EXERCISE BRIEF:
Line by line, output everything from the one that contains "一语点醒梦中人!大爷银行怒怼" through the end of the material below, exactly as written and with no pictures.

DATASET CONTENT:
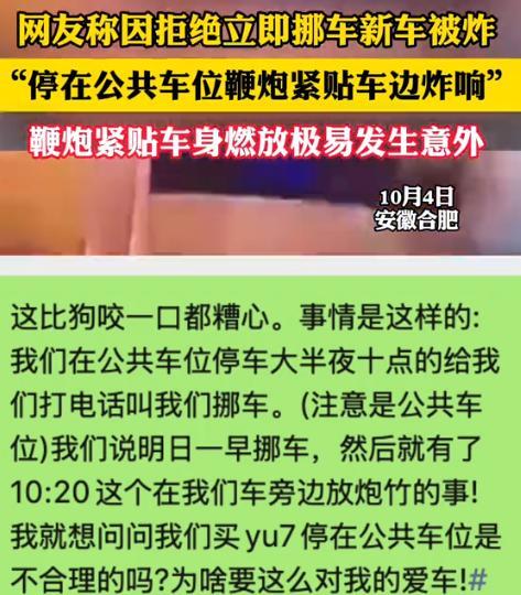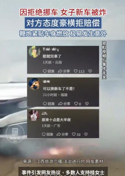 10月3日,安徽合肥,一女子才提的新车,回家时发现车位满了,她把车停在对面路边划线的停车位上,晚上10点,有人叫她挪车,女子认为,车停在公共停车位,在划线之内,没有挡道,也不妨碍进出,现在时间太晚,明天再去挪车,可万万没有想到,过了20分钟,一女子在她新车旁边放鞭炮,哨兵模式紧急提醒,女子赶忙跑去一看,车漆多处受到损伤,女子报警,对方态度豪横,女子将车开去定损,损失将近1000多元,对方不赔,也不道歉,女子将视频发到网上: 大家来给我评评理! 10月3号那天,桂女士(化名)下班早,想着先把新车开回家。到了小区门口,她傻眼了,地下车库和地面车位全满,绕着小区转了好几圈,还是没找到空位。 天也快黑了,桂女士看见小区对面路边划着几个公共停车位,也没看到禁停标志,就把车稳稳地停了进去。 下车仔细检查了一遍:没压线、没挡人行道,旁边车门也能正常开,这才放心回家。 晚上快十点,桂女士刚准备休息,手机响了,一个陌生电话打过来。 电话那头是个女的,语气特别冲:“你是不是把车路边了?赶紧下来挪车!” 桂女士愣了愣,她停的是公共车位,又没挡到谁,这么晚折腾一趟太麻烦,就解释:“我停在划线车位里,没挡道啊,能不能明天一早再挪?现在太晚了。” 没想到对方直接火了:“让你挪你就挪!哪那么多废话?这车位我常用,你占了我停哪儿?” 桂女士心里有点不爽,公共车位本来就是先到先得,哪有“常用就归自己”的道理? 桂女士尽量耐着性子说:“不好意思啊,我明天一早就挪,你要是着急,看看旁边还有没有空位。”说完就挂了电话。 原以为事情就算了,没想到过了二十多分钟,桂女士手机突然弹出“哨兵模式”的警报,她提车时选了这个功能,车周围有动静就会录像提醒。 她心里一紧,赶紧喊上老公往楼下跑。 路灯下,街道静悄悄的,只听到远处偶尔传来的汽车声,她加快脚步下楼,心里越来越不安。 一看气得说不出话:一名女子正站在自己新车旁,地上全是鞭炮碎屑,刚贴的原厂车漆已经被炸出好几个小坑。 “那可是新车啊,连保护膜都没撕完,就被弄成这样!” 她立即报警,民警调取监控后发现,燃放鞭炮的人跟桂女士完全不认识,更别说有矛盾了。 可面对民警询问,女子态度特别嚣张,不仅没道歉,还一副理直气壮的样子,好像自己没做错事。 第二天,桂女士把车送到4S店定损,维修费算下来要1000多元。 她等着对方联系赔偿,可左等右等没消息,主动找过去,对方干脆不理人,既不赔钱也不道歉。 无奈之下,桂女士把手机录下的“哨兵模式”视频发到网上,委屈地求网友评理。 视频一出,网友们全炸了。 有人起初质疑是不是车挡了人家门口,但桂女士放出的监控显示,她停车完全合规。 网友评论:“公共车位本来就是先到先得,深夜叫人挪车不合理,还用鞭炮炸车,这明显是报复。”“这人也太霸道了,真把公共车位当自家地盘了!” 更重要的是,这种行为已经违法。 目前,桂女士已经决定通过司法途径维权,手里的报警记录、监控视频和定损报告都是证据。 钱不是最大问题,关键是心里太委屈:“车停得合规,还没做错事,怎么能被这样对待?” 这件事也提醒大家:公共车位不是私人领地,谁先停谁先用是天经地义的。 遇到停车纠纷,找物业或报警解决就好,别像这位邻居那样用鞭炮炸车发泄,赔了钱还丢了理,得不偿失。 对此你怎么看? 信源:新闻夜航
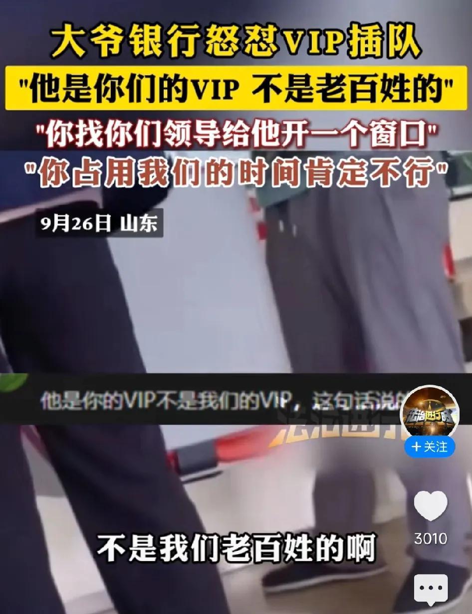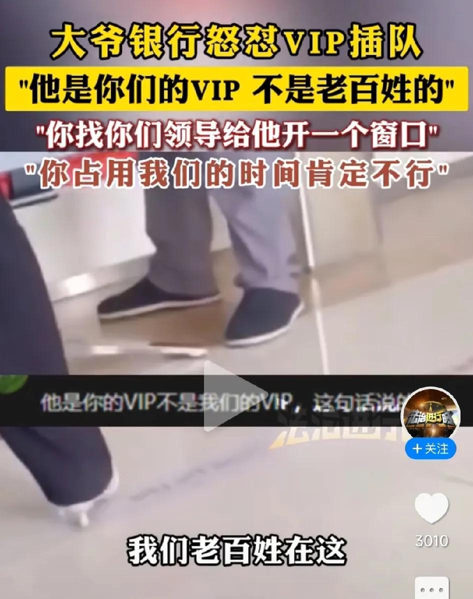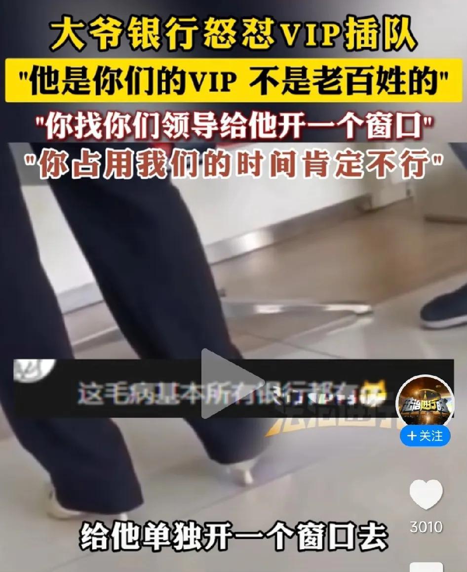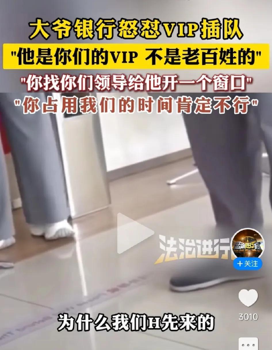 一语点醒梦中人!大爷银行怒怼VIP插队:他是你们的VIP,不是老百姓的! 大爷去
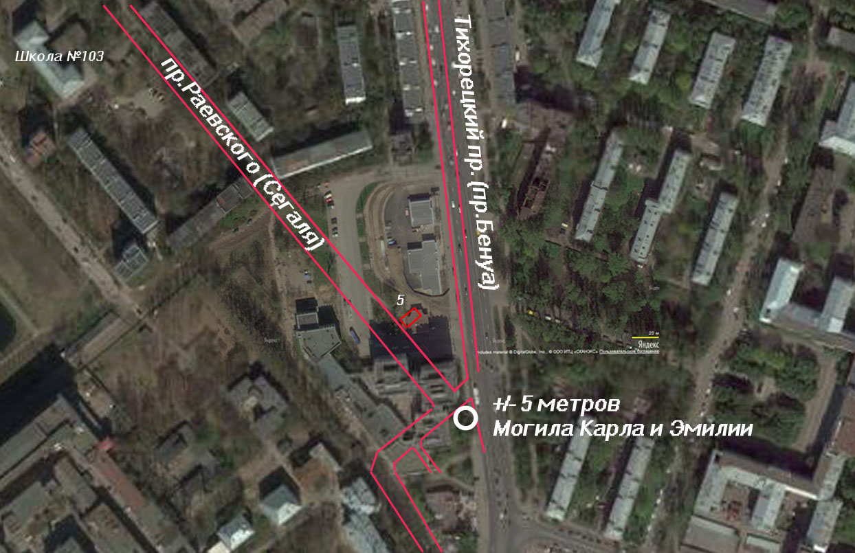 На месте диспетчерской будки стоит дореволюционный кирпичный дом №5 по Раевского. Белым кольцом помечено наиболее вероятное место могилы Карла и Эмилии с ориентиром "старая лиственница под стенами НИИ Цитологии".

FINISHED EXERCISE:
 一语点醒梦中人!大爷银行怒怼VIP插队:他是你们的VIP,不是老百姓的! 大爷去
 На месте диспетчерской будки стоит дореволюционный кирпичный дом №5 по Раевского. Белым кольцом помечено наиболее вероятное место могилы Карла и Эмилии с ориентиром "старая лиственница под стенами НИИ Цитологии".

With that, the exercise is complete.